6. Mesin Sering Tersendat atau Tidak Stabil

Pada beberapa kasus, gejala knock sensor rusak dapat menyebabkan mesin terasa tersendat, terutama saat langsam atau saat kendaraan berjalan pelan. Putaran mesin bisa naik turun tidak stabil karena ECU menerima data yang tidak akurat dari sensor.

7. Risiko Kerusakan Mesin Jangka Panjang

Apabila kerusakan knock sensor dibiarkan terlalu lama, detonasi yang terus terjadi dapat merusak komponen internal mesin seperti piston, klep, dan dinding silinder.  Dalam kondisi parah, bahkan dapat menyebabkan mesin overheat dan mengalami kerusakan serius.

Penyebab Knock Sensor Mengalami Kerusakan

Sebelum membahas gejala, ada baiknya mengetahui beberapa penyebab umum knock sensor yang rusak, antara lain:

  • Usia pakai sensor yang sudah lama

  • Paparan panas mesin berlebih

  • Getaran mesin yang berlebihan

  • Kabel atau konektor knock sensor bermasalah

  • Korosi atau kotoran pada sensor

Baca Juga:  Ukuran Piston Kaze Standar: Diameter Dan Ulasan

Kerusakan pada salah satu bagian tersebut dapat membuat knock sensor tidak mampu bekerja secara optimal.

Cara Mengatasi Knock Sensor Rusak

Setelah mengenali gejala knock sensor rusak, berikut beberapa langkah yang dapat dilakukan untuk mengatasinya:

1. Periksa Lampu Check Engine

Lampu check engine merupakan indikator utama adanya gangguan pada sistem mesin. Jika lampu ini menyala, segera lakukan pemeriksaan menggunakan alat scan ECU untuk mengetahui kode kerusakan yang muncul.
Meskipun terdapat banyak penyebab lampu check engine menyala, pemeriksaan ini penting untuk memastikan apakah masalah berasal dari knock sensor atau komponen lain.

2. Ganti Knock Sensor

Apabila hasil pemeriksaan menunjukkan knock sensor tidak berfungsi dengan baik, solusi paling efektif adalah menggantinya dengan komponen baru. Knock sensor yang rusak dapat menyebabkan hilangnya tenaga mesin dan menurunkan kenyamanan berkendara.

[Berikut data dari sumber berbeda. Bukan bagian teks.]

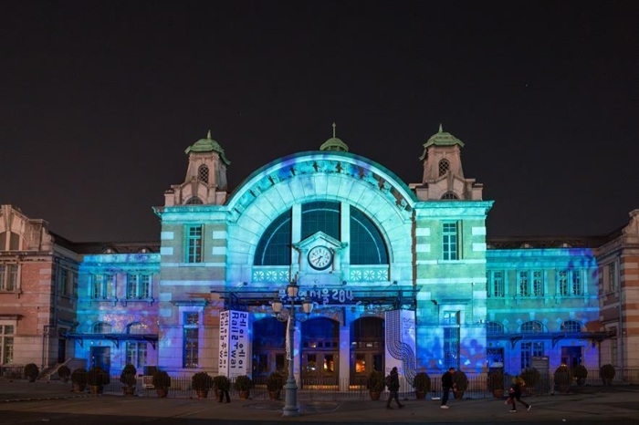 < 김원종,전도희 작가의 작품 ‘서울2050: 기후제어시스템’이 문화역서울284 광장 앞 외벽에 매핑되고 있다 > 문화체육관광부(장관 유인촌)와 (재)예술경영지원센터(대표 김장호)는 한국공예·디자인문화진흥원(원장 장동광)과 협력하여 12월 10일부터 15일까지 서울시 중구 소재 문화역서울284(옛 서울역) 앞 광장에서 혁신적인 프로젝션 매핑(Projection Mapping) 프로젝트 ‘수퍼 파사드 테스트: 실험적 발견의 새로운 연결고리’를 선보인다.
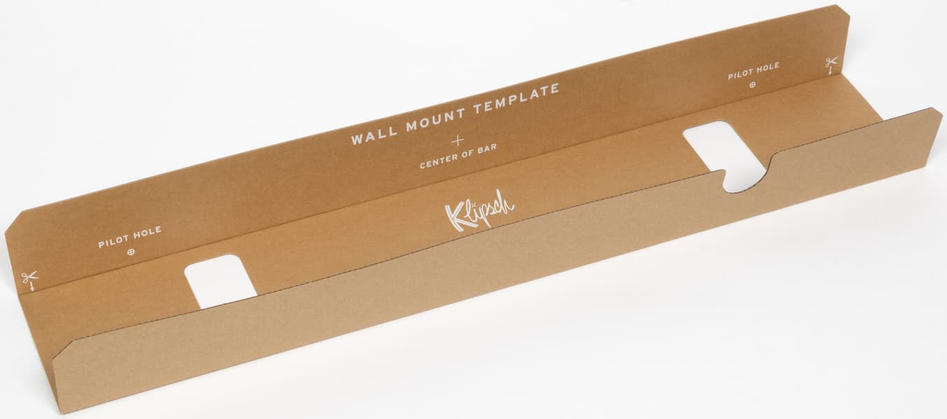 Картонный ложемент, в котором лежит саундбар внутри упаковки, также служит в качестве трафарета для разметки под отверстия, необходимые для крепления кронштейнов.
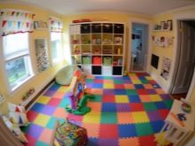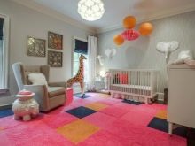 За такива помещения трябва да изберете само материали, които са безопасни и екологични. Не трябва да има изпарения от тях, които могат да повлияят негативно на здравето на бебето. Трябва да внимавате с естествените килими – някои са алергични към тях. По-добре е да изберете висококачествено синтетично покритие за детската стая. Можете да изберете ламинирани, коркови материали.
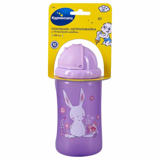 Курносики поильник-непроливайка с трубочкой Зайка 400мл 17126
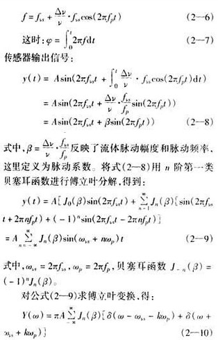 1 引 言 在過程控制和流體計量中,渦街流量計應用相當廣泛。渦街流量計本質上是一種流體振動型流量計,因此易受測量現場的機械振動和不穩定流場等噪聲的干擾,測量精度往往得不到保證。如何從含有噪聲的信號中提取流量信息,是流量測量一直沒能很好解決的難題,F場的噪聲各種各樣,其中,脈動流是一種對測量精度影響較大的噪聲干擾。 筆者根據國外研究成果,從理論上分析了脈動流干擾下渦街傳感器的輸出信號,采用貝塞耳函數分解出渦街流量信號頻率和脈動干擾頻率,分析流體脈動對渦街流量計測量的影響;說明了在脈動流干擾下出現的鎖定現象;提出了提高流量計測量精度的方法。 2脈動流對測量的影響 2.1渦街流量計測量原理 渦街流量計是基于“卡門渦街”原理的流體振動型流量計,壓電傳感器表體內有一個漩渦發生體,當流體流過漩渦發生體時,在其后部兩側交替產生兩列漩渦,一側漩渦分離的頻率與流體的流速成正比。 其中,f為漩渦分離頻率(Hz);ν為管道內流體的平均流速(m/s);St為斯特羅哈常數;d為漩渦發生體迎流面寬度(m);D為管道內徑(m)。 漩渦的分離頻率在一定雷諾數范圍內與通過管道的流體流量成線性關系: 因而,通過測量漩渦分離頻率,就可知道流體的流速,測出通過管道的流體的流量。 2.2脈動流條件下渦街流量計測量結果 在流體穩定流動條件下,壓電傳感器輸出的電壓信號為正弦波。正弦波的頻率與流體的流速成正比,幅度與流體的密度和速度的平方成正比。 流體穩定流動狀態下,管道內流體流動平均速度為ν。在脈動流作用下,管道內流體的流速疊加了隨時間周期變化的脈動分量[1]: 式中,Δν為流體脈動時偏離穩態流速的最大幅度,fp為脈動頻率。 因為漩渦分離頻率與管道內流體流動速度成正比,所以脈動流條件下的漩渦分離的瞬時頻率為: 流體脈動條件下,渦街流量計輸出信號疊加了調頻噪聲。從公式(2—10)可以看出,輸出信號的頻譜包含以渦街信號主頻率fνs為中心的較寬的頻帶,fνs左右兩則對稱分布了無窮多邊頻分量,邊頻分量和主頻分量之間的間隔恰為脈動頻率的整數倍,它們的幅度大小由對應的各階貝塞耳函數所決定。 脈動系數β也是一個重要的參數,它的大小變化對輸出信號的頻譜結構有著重要的作用。由貝塞耳函數曲線(如圖2—1所示)可知,當β≤1時,只有J0(β)和J1(β)有比較大的數值,而J2(β),J3(β)等均可以忽略,因此,輸出信號的頻譜實際上只有ωνs和wνs±nwp組成。當β>1時,隨著β的增大,邊頻分量數目增多。

Penggantian knock sensor sebaiknya dilakukan sesegera mungkin agar performa mesin kembali optimal dan terhindar dari kerusakan lanjutan.

Kesimpulan

Knock sensor memiliki peran penting dalam menjaga kinerja dan keawetan mesin kendaraan. Gejala knock sensor rusak seperti lampu check engine menyala, suara mesin kasar, performa menurun, akselerasi lambat, dan konsumsi bahan bakar boros tidak boleh diabaikan.

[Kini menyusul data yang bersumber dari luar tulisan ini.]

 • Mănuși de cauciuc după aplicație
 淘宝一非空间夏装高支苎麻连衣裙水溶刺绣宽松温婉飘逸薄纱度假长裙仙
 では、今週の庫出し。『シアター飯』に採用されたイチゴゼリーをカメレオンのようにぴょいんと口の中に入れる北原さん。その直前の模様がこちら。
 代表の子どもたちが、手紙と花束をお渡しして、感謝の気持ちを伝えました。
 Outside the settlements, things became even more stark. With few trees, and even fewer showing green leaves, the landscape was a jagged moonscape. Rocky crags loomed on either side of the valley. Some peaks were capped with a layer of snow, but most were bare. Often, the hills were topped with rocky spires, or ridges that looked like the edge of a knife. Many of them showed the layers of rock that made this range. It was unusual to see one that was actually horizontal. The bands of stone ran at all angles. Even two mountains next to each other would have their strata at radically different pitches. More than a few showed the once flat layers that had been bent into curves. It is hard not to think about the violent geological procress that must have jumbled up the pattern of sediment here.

Dengan mengenali gejala sejak dini, pemilik kendaraan dapat segera melakukan pemeriksaan dan perbaikan sehingga kerusakan mesin yang lebih parah dapat dihindari. Pemeriksaan menggunakan alat scan ECU dan penggantian knock sensor yang rusak merupakan solusi terbaik untuk mengembalikan performa mesin seperti semula.